Excluding one-off costs related to the acquisition of Best Brands, EBITA in the division was $36.1 million, up 16% from $31.1 million. Sales for the segment were $537.1 million during the quarter, up 30% from $414.4 million during the same period a year ago.

“Organic sales growth at Bakery Supplies North America was slightly positive at 2.1%, driven by our efforts to increase selling prices (6.9%) to compensate for higher costs,” CSM said in an April 27 trading statement. “As we took the lead in driving pricing growth to protect profitability, this came at the expense of volume (-4.8%), which we expect to recover in future periods. The acquisition of Best Brands, although difficult to calculate in the fully integrated company, contributed an additional $112.9 million to the Q1 sales.”

Bakery Supplies Europe EBITA was €12.4 million ($18.2 million) for the first quarter, down 24% from €16.4 million in the previous year. Sales were €264.1 million ($387.7 million), up 7% from €247.3 million during the previous year.

Overall, CSM EBITA was €37.9 million ($55.7 million) in the first quarter, down 6% from €40.5 million during the same period a year ago.
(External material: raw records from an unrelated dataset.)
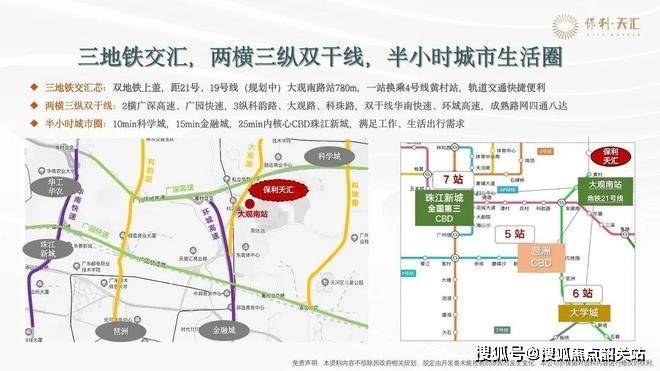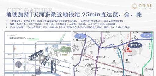 《保利天汇》位于天河智慧城核心区,周边交通网络多层级覆盖。项目距离21号线大观南路地铁站约1.2公里,步行约15分钟,可通过短途接驳车或电动车实现高效通勤。21号线可与4号线及5号线换乘,便捷到达金融城、珠江新城及员村等核心商务区。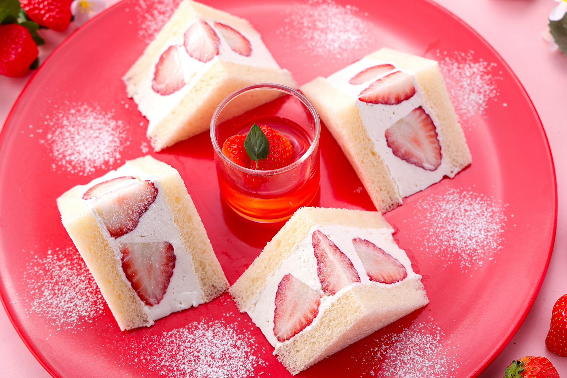 今年も旬を迎えるいちごをふんだんに使用した『ストロベリーサンドウィッチ』が登場!甘酸っぱさが広がるフレッシュいちごを、ホテルメイドのふわふわパンとくちどけ滑らかなクリームで華やかにサンドしました。美しい断面に思わず見惚れてしまうほど。さらに中央にはいちごゼリーを添え、濃密な果実感と奥深い甘酸っぱさの余韻をお愉しみいただけます。ルビーのように輝く断面、口いっぱいに広がる芳醇な甘み、そして見た目にも華やかな仕上がりは、まさに“頬張る度に幸福度が増すご褒美スイーツ”。いちごならではの心安らぐ香りとジューシーな食感で、甘いひとときをお過ごしください。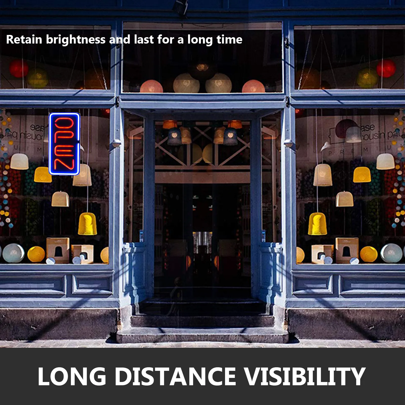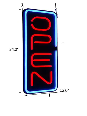 This vertical 24x12 inch LED neon OPEN sign is designed with a bright rectangular red and blue "Open" sign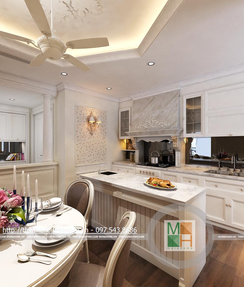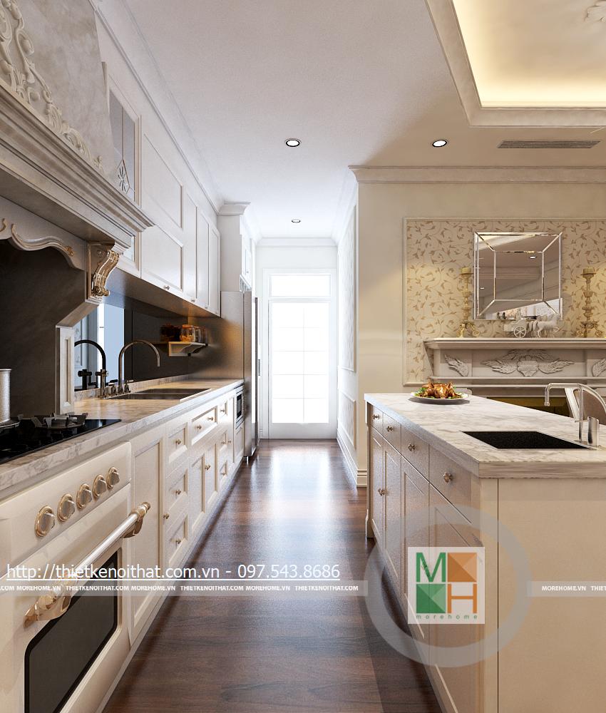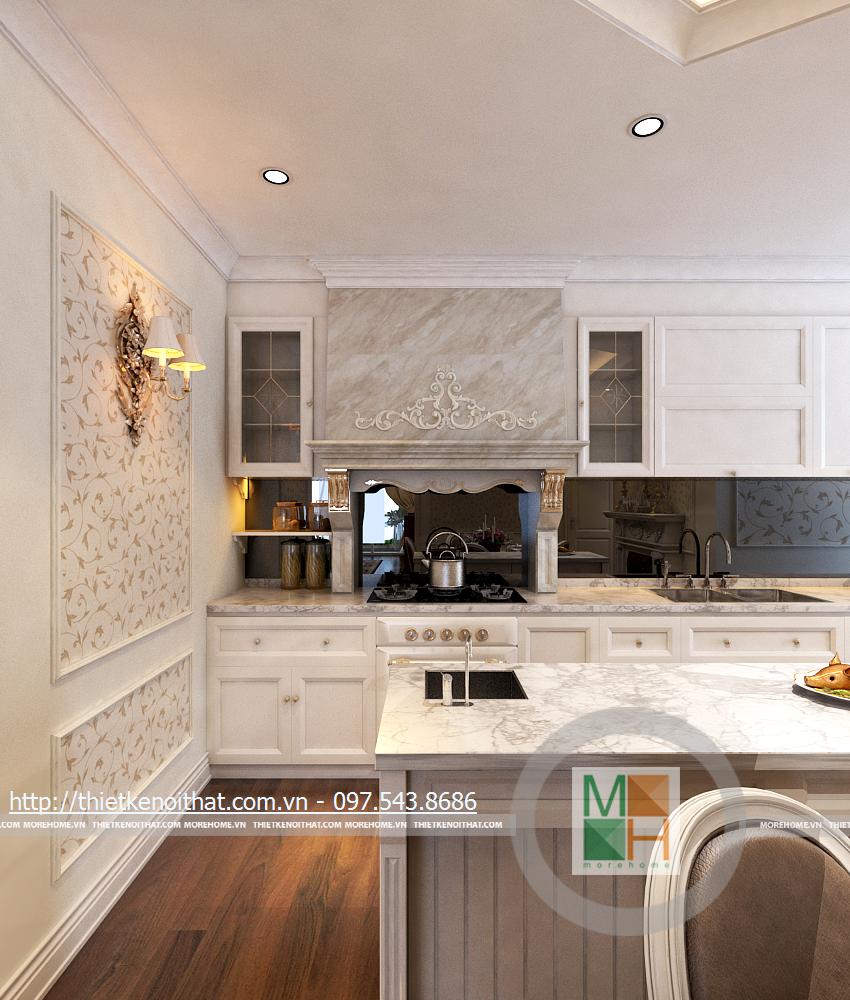 Tủ bếp óc chó tự nhiên tân cổ điển - óc chó cao cấp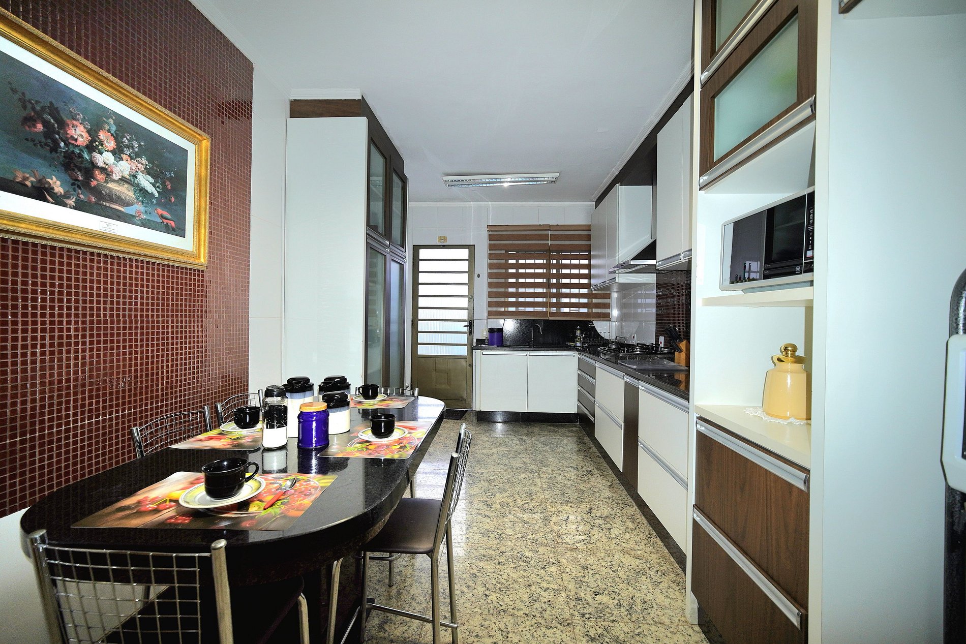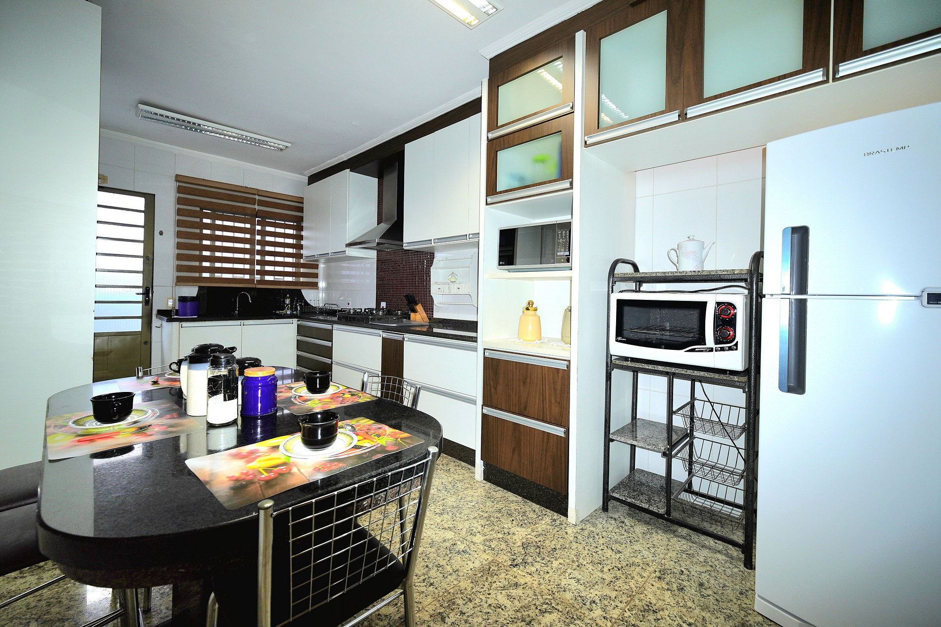 Cozinha - completa com todos os utensílios e louças. Sanduicheira, liquidificador, torradeira, forno elétrico, chaleira elétrica e filtro de água.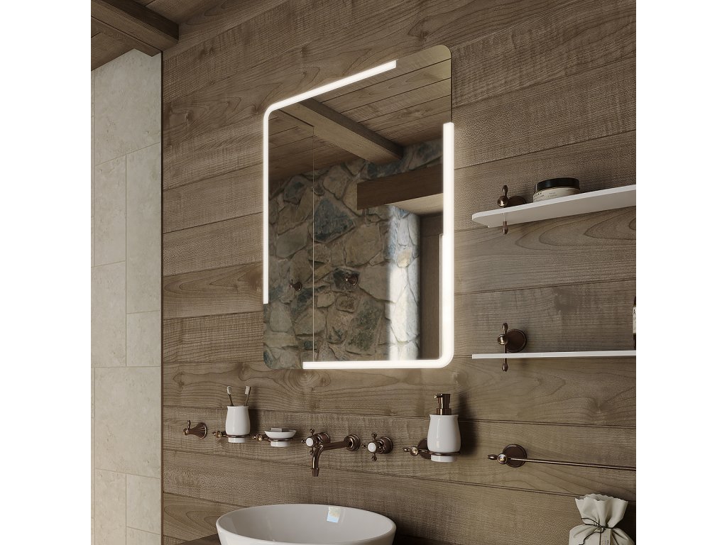 Zrcadlo do koupelny 60x80 cm s osvětlením v rozích, dotykový spínač je skvělým doplňkem do koupelny. Zrcadla do koupelny NIMCO vynikají kvalitním zpracováním a moderním designem. Svícení za použití akrylátového skla plexiglass. Konstrukce je z hliníkového rámu 32x19 mm, sklo zrcadla o tloušťce 5 mm. Připojení 220-240 V. Zapínání / vypínání / ovládání dotykovým senzorem s pamětí. Možnost nastavení barevné teploty svícení a intenzity svítivosti. Životnost LED diod je až 50 000 hodin. Ochrana IP 44. Koupelnové podsvícené LED zrcadlo Životnost diod až 50 000 hodin Možnost nastavení barevné teploty od 3000 - 6500 K Možnost nastavení intenzity svítivosti Zrcadlo má paměť, pamatuje si poslední nastavené hodnoty První možnost připojení přímo do elektrického obvodu Druhá možnost zapojení zrcadla na klasický kolébkový vypínač v koupelně podobně jako i jiná svítidla Příkon 32 W 2304 LumenDoplňkové parametry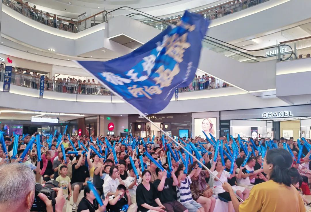 8月2日晚,“苏超”第八轮首个比赛日,南通队在客场挑战镇江队,当南通队第一粒进球时,南通市崇川区万象城的观众沸腾了!李斌 摄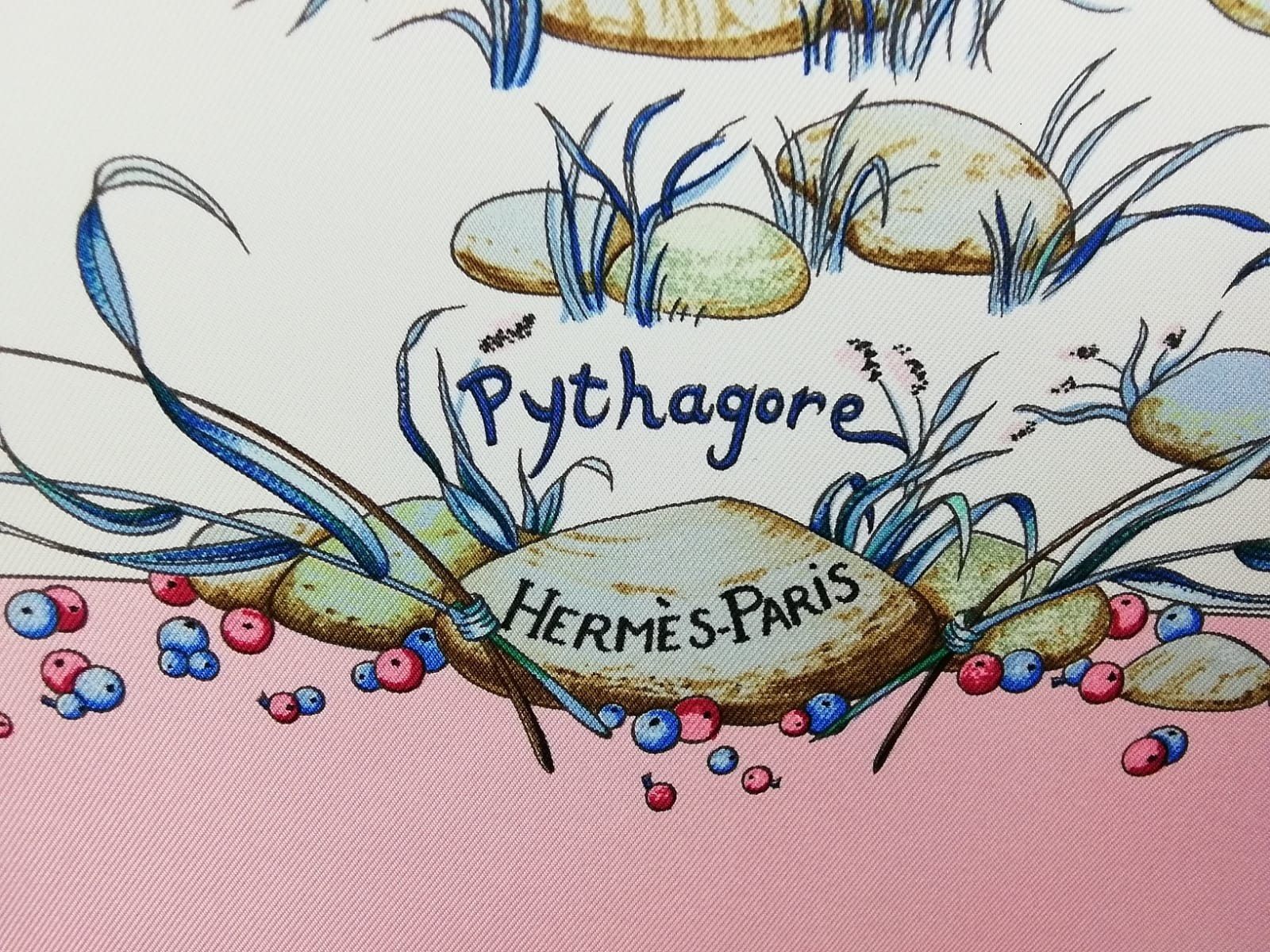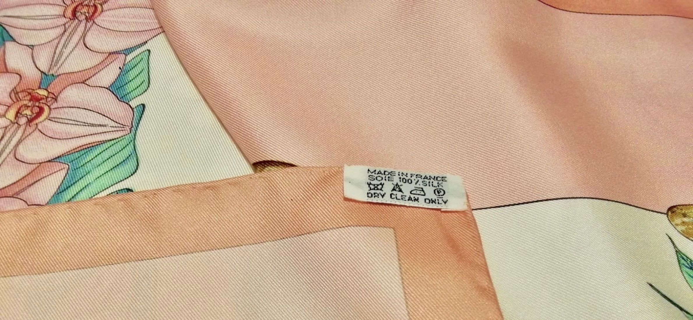 Foulard carré in seta 100% nei colori del rosa, bianco, multicolor. Disegnato da Zoe Pauwels nel 1999. Firmato Etichetta. Copyright. Made in France. Orlo arrotolato a mano. Condizioni eccellenti.

Excluding one-off costs, EBITA was €43.8 million ($64.3 million), down 6%. Sales for the first quarter were €759.8 million ($1,115 million), up 18% from €644.1 million during the previous year.

“The first quarter has been dominated by our commitment to increase prices in the market to compensate for higher costs,” said Gerard Hoetmer, chief executive officer. “As market leader, we have continued to show leadership, demonstrated by an average 6.4% and 5.2% price increase in Bakery Supplies and Purac, respectively, compared to the first quarter of 2010. Our increase in product pricing, where we have responded to protect our profitability, affected our volume growth, while our sales continued to grow.”